> **Task instructions**
Write out, exactly and in full, the line where "김남길은 19일 오전" appears together with all lines that follow it in the entries below. Do not include pictures.

> **Records provided**

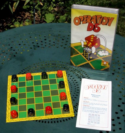 Pour cela, il faudra sauter par-dessus les autres dés, pour augmenter la valeur de votre dé, tout en évitant que l'adversaire ne profite de vos dés plus vite que vous. Un dé augmente sa valeur lorsqu'il saute un dé de même valeur ou d'une valeur juste supérieure. Opération D6 ne comporte donc aucune prise. Il s'agit d'une course tactique, où le placement judicieux de vos dés vous fera gagner ou perdre. Le mode de déplacement est assez inhabituel, et offre de très nombreuses possibilités à chaque coup : un dé soit se déplace d'une case, soit saute un ou plusieurs autres dés (quel que soit leur camp), et finit par se déplacer d'une case. Belle idée. |
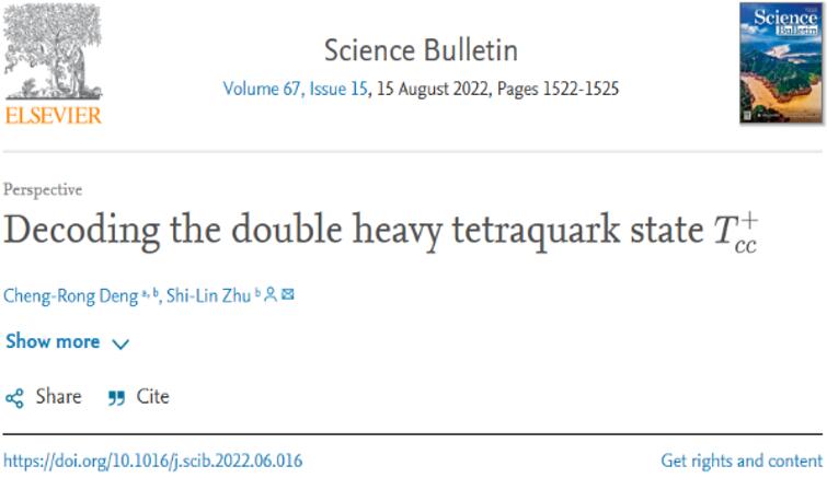 近日,a片无码 强子物理团队邓成荣教授在新强子态领域取得重要研究进展,相关成果《Decoding the double heavy tetraquark state Tcc》[1]发表在中国卓越计划领军期刊Science Bulletin。Science Bulletin是由中国科a片无码 和国家自然科学基金委员会共同创办的自然科学综合类刊物,(2022年发布的影响因子为20.557),位于中科院JCR分区升级版综合类期刊一区(61本期刊排名第7)。 该成果第一完成单位为a片无码-成人a片-免费无码a片 ,邓成荣教授为第一作者,北京大学朱世琳教授为通讯作者。
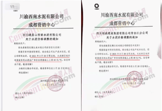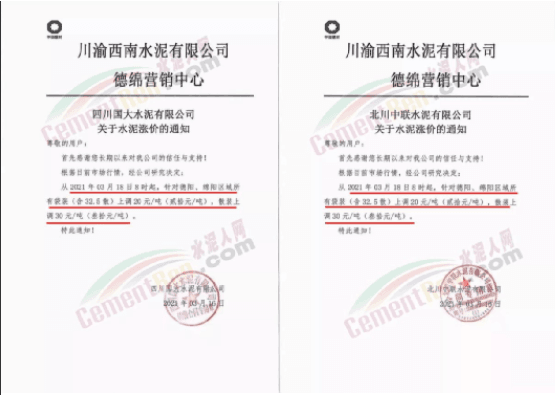 其中,渝西南水泥成都營(yíng)銷中心下屬四川省女?huà)z建材有限公司、四川利森建材集團(tuán)青白江分公司、四川峨眉山西南水泥通知自3月20日零點(diǎn)起,大成都區(qū)域所有袋裝系列水泥出廠單價(jià)在原基礎(chǔ)上上調(diào)40元/噸;
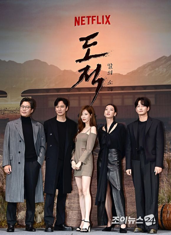 김남길은 19일 오전 서울 중구 앰배서더 서울 풀만 호텔에서 진행된 넷플릭스 시리즈 '도적: 칼의 소리'(감독 황준혁, 박현석) 제작발표회에서 이호정에 대해 "이렇게 말해도 될지 모르겠지만 호정이 연기를 보면 신선하다"라고 말했다.
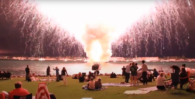 На кадрах можно заметить, что зрители поначалу заинтересовались происшествием, но активность фейерверка напугала некоторых девушек, которые стали убегать подальше от воды.

> **Your response**
 김남길은 19일 오전 서울 중구 앰배서더 서울 풀만 호텔에서 진행된 넷플릭스 시리즈 '도적: 칼의 소리'(감독 황준혁, 박현석) 제작발표회에서 이호정에 대해 "이렇게 말해도 될지 모르겠지만 호정이 연기를 보면 신선하다"라고 말했다.
 На кадрах можно заметить, что зрители поначалу заинтересовались происшествием, но активность фейерверка напугала некоторых девушек, которые стали убегать подальше от воды.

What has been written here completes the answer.